Another interesting aspect for the future is to understand how the modulation of pain induced by expectation, by conditioning, and by learning is integrated across systems, such as the opioid, dopamine, and vasopressin systems.
Clinically, I have hope that we can actually harness placebo mechanisms to help patients cope with pain. Placebo analgesia can be thought of as a kind of inner healing system, and we don't really take advantage of it. The goal will be to develop strategies to harness placebo analgesia in real-world settings by empowering our expectations, for instance, or by improving the doctor-patient relationship. Placebo analgesia is really an example of the complexity of pain modulation and the necessity of a multidisciplinary approach to pain management.
What is the biggest challenge facing young scientists?
Science is quite competitive, and so one of the challenges is to identify an area of research where you can contribute with passion, creativity, and novelty. When you have this kind of attitude and motivation, other challenges, like finding a position or a grant, are easier to face.
If you could have dinner with one scientist, living or dead, in the pain field or outside of the pain field, who would it be and why?

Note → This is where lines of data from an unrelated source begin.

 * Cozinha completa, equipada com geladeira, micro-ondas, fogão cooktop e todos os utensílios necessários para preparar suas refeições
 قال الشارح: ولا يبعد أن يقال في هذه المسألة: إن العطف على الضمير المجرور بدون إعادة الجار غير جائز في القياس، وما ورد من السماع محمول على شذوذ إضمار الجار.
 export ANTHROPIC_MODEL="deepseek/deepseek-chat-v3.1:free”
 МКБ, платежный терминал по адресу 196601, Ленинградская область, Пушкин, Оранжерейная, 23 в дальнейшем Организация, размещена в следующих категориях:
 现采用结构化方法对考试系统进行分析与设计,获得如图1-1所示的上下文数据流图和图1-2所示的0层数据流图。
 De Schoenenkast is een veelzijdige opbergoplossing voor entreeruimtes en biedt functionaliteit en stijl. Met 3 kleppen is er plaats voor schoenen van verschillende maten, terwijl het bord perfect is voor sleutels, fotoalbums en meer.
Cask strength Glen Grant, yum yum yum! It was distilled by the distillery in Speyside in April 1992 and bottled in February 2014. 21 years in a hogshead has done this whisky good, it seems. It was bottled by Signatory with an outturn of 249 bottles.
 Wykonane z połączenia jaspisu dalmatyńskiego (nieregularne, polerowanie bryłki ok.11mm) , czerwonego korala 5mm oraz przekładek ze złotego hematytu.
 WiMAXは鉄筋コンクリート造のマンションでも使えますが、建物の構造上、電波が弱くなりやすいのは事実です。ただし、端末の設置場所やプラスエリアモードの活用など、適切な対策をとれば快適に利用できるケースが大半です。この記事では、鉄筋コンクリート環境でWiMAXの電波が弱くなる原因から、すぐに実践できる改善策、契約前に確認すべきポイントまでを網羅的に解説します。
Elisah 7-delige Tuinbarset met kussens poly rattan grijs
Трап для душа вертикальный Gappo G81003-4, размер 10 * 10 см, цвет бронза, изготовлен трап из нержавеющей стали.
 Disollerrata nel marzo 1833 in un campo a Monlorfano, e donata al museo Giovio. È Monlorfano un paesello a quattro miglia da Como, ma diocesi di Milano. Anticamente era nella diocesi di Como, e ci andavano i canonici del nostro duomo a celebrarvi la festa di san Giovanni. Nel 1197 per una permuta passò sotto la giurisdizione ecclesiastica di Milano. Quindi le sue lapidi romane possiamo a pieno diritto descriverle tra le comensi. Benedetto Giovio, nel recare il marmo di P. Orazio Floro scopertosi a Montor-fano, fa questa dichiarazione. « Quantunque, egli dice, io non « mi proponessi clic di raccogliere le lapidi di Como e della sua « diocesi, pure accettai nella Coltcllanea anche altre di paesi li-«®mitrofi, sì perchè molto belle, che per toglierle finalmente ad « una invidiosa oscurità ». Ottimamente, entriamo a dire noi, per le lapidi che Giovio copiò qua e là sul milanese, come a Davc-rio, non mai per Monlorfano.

I would love to have dinner with Eric Kandel. When I started my medical degree and was studying neurophysiology, I decided to read his book [Principles of Neural Science] to learn more about brain physiology. It was inspiring, and I decided eventually to do a PhD in neuroscience once I finished my medical degree. At the end of my PhD, I actually met Kandel in person, but I was too young to fully appreciate meeting him. Now that I am wiser than before in science, I would appreciate it more.
When you're not doing science, what are you doing? Any hobbies?
I love music. For example, I regularly attend the Baltimore Symphony Orchestra to listen to classical and contemporary music. I also like to volunteer.
Is there anything else you’d like to mention that we haven’t discussed?
Considering the influence that Kandel’s book had on me, I think we should introduce, in any basic book on neuroscience, a chapter on placebo analgesia/descending pain modulation for PhD students in neuroscience. This is something that doesn’t get covered in graduate programs, and I think it's a real need. We are learning a lot about placebo analgesia and brain modulatory systems, and it's time to consider this with the seriousness that other big topics in neuroscience receive.